Supplied records:
▬▬▬▬▬▬▬▬▬▬
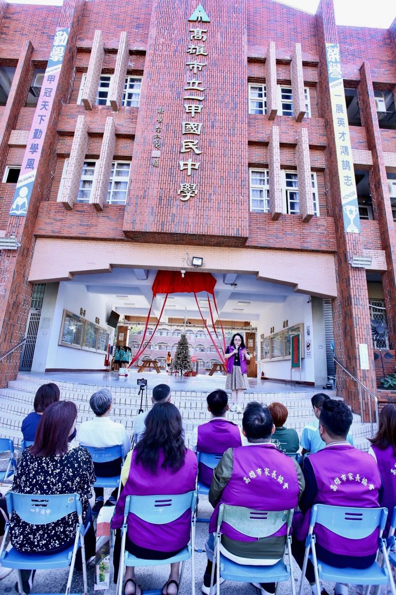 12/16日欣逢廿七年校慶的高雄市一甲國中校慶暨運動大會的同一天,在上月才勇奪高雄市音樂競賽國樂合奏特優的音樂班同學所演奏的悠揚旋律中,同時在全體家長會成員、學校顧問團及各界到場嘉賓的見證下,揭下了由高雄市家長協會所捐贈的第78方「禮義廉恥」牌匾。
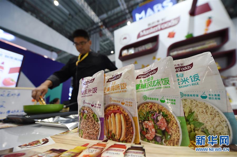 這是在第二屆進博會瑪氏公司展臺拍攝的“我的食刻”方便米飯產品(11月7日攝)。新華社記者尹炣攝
▬▬▬▬▬▬▬▬▬▬
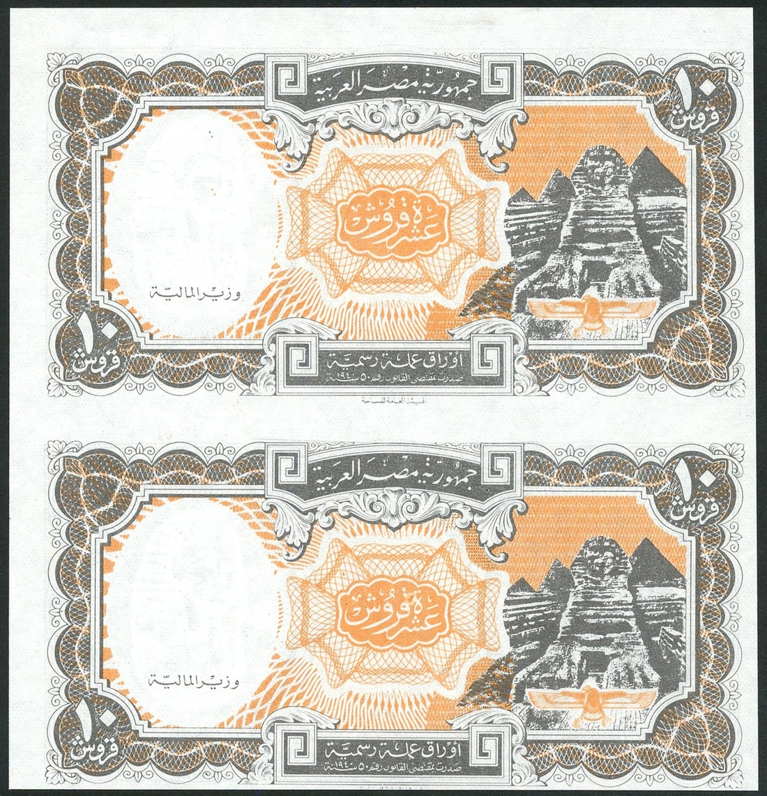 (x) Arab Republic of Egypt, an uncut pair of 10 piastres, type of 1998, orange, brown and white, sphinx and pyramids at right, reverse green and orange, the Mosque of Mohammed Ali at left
▬▬▬▬▬▬▬▬▬▬
Exercise details:
The line holding "12/16日欣逢廿七年校慶的" starts the copy and the line holding "這是在第二屆進博會瑪氏公司展" ends it. Repeat those two lines above and all between them exactly, leaving out pictures.

Worked solution:
 12/16日欣逢廿七年校慶的高雄市一甲國中校慶暨運動大會的同一天,在上月才勇奪高雄市音樂競賽國樂合奏特優的音樂班同學所演奏的悠揚旋律中,同時在全體家長會成員、學校顧問團及各界到場嘉賓的見證下,揭下了由高雄市家長協會所捐贈的第78方「禮義廉恥」牌匾。
 這是在第二屆進博會瑪氏公司展臺拍攝的“我的食刻”方便米飯產品(11月7日攝)。新華社記者尹炣攝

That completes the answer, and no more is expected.